HCQ_Tweet_Dataset: FREE to Download. Keywords: HCQ, hydroxychloroquine, tweet, twitter, COVID-19
This dataset is associated with the paper "Understanding Public Opinion on using Hydroxychloroquine for COVID-19 Treatment via Social Media", accepted by 15th International Conference on Health Informatics (HealthInf 2022)
The dataset consists of tweets pulling from Twitter with keyword: Hydroxychloroquine (HCQ), location: US, Time: Feb - Dec, 2020. The dataset has 2 files:
- Full_tweet_to_github.csv.zip includes 164168 raw tweets
- tweets_manual_classifying.csv includes randomly selected 4850 tweets in March 21, April 06, July 28, October 02. These tweets are manually classified into one of three classes: positive, neutral, and negative, basing on the claim that HCQ is a cure for COVID-19 treatment.

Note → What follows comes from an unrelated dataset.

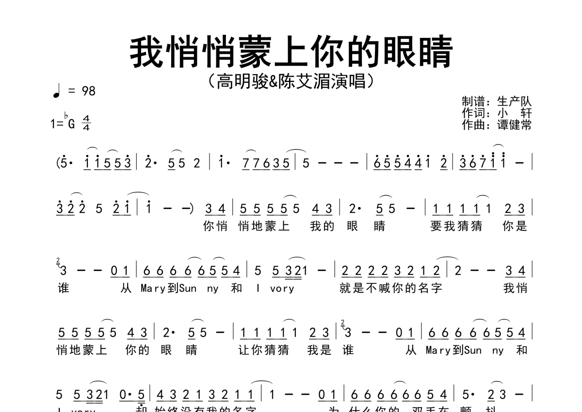 《我悄悄蒙上你的眼睛》是高明骏/陈艾湄演唱的一首歌曲,简谱,拍号为4/4拍,歌曲速度为每分钟98拍,这份简谱共有一张高清图谱,图谱由 @生产队 编配上传高明骏/陈艾湄演唱的歌曲《我悄悄蒙上你的眼睛》简谱。
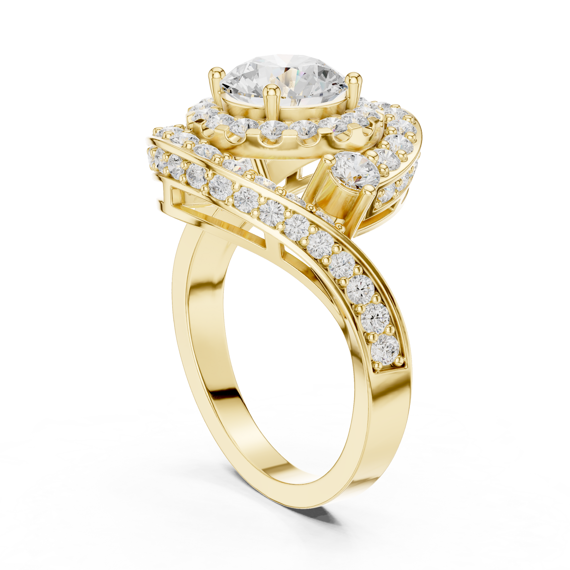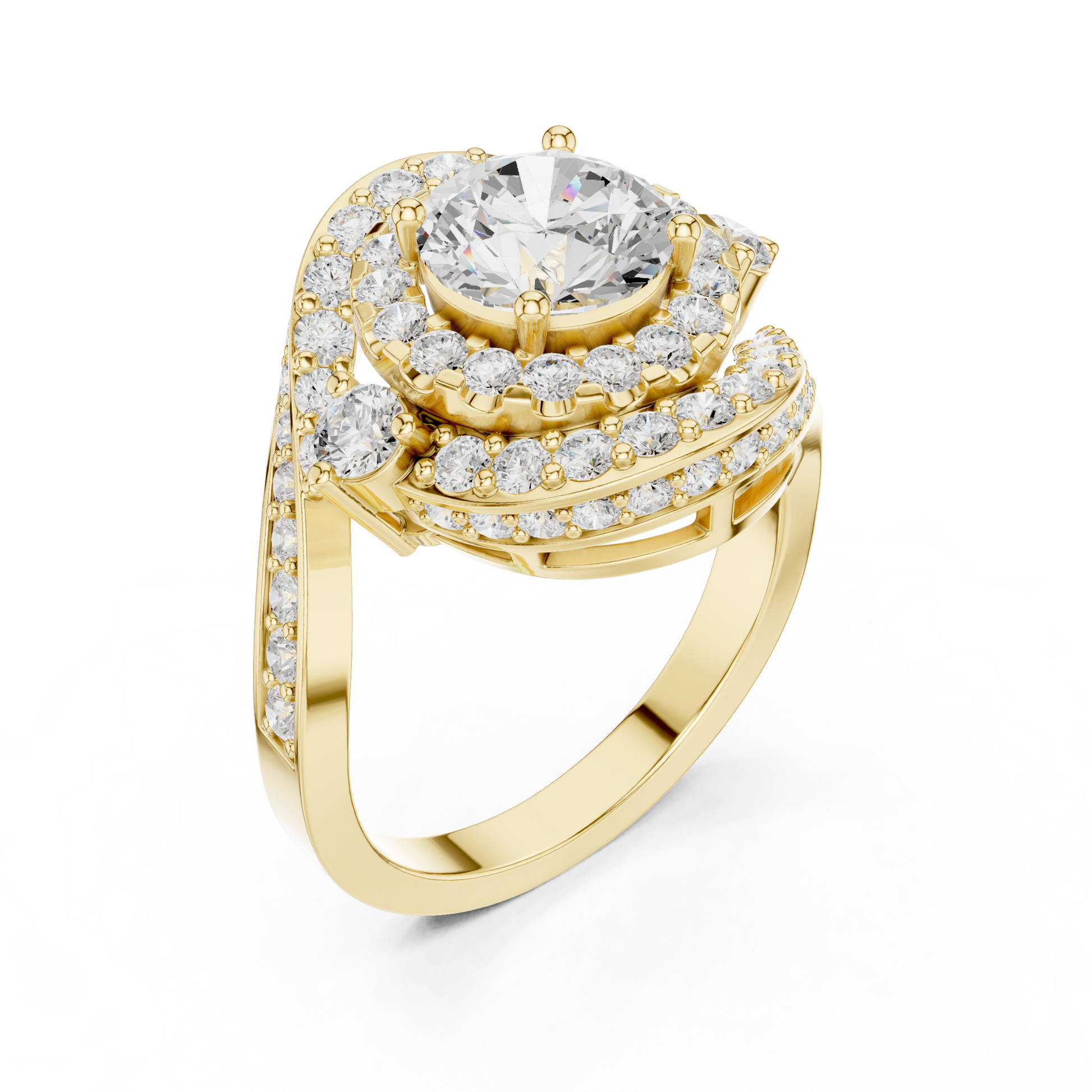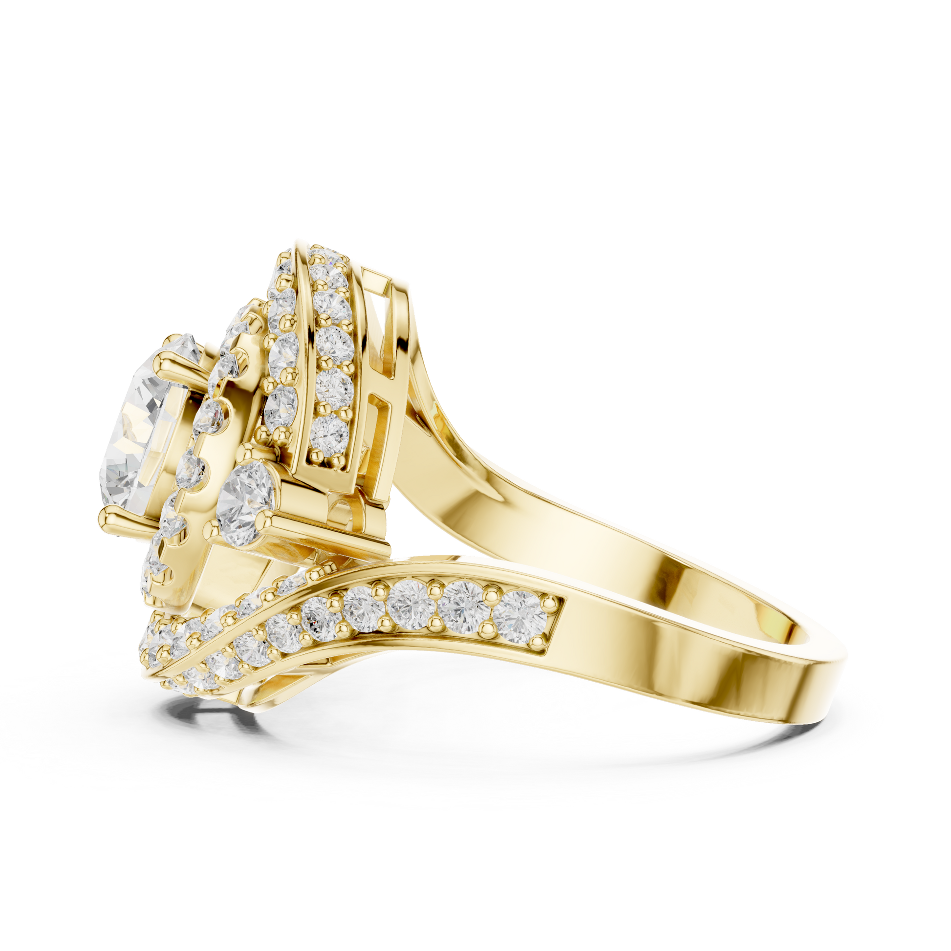 Crafted to shine from every angle, this round-cut diamond ring features a luminous center stone surrounded by a dramatic layered halo that creates depth, dimension, and intense brilliance. The wide pave set band adds a bold, luxurious presence while maintaining refined elegance. Finished in polished gold, this design is perfect for those who want a standout engagement ring or a powerful symbol of everlasting love.

Each file has the following features:
- full_text: the content of a tweet
- user_location: the location of user who created the tweet
- friends_count: the number of friends of the user who created the tweet
- followers_count: the number of followers of the user who created the tweet
- reply_count: the number of replies of the tweet
- retweet_count: how many times the tweet is retweeted
- favorite_count: the number of likes (favorites) of the tweet
- created_date/created_at: the date when the tweet is created
- manual_positivity: in the set of {neu = neutral, neg = negative, pos = positive}
- index: the id number of the tweet. It is to linked with the raw tweet file.
- hastag: the hastags in the tweet
- is_with_url: in the set of {0 = no url in the tweet, 1 = there is some urls in the tweet}
- hydroxychloroquine: in the set of {1 = the tweet contains the keyword "hydroxychloroquine", 0 = otherwise}
- query_string: the query string to pull the tweet (=hydroxychloroquine)
Please read the paper to see how we manually classify a tweet.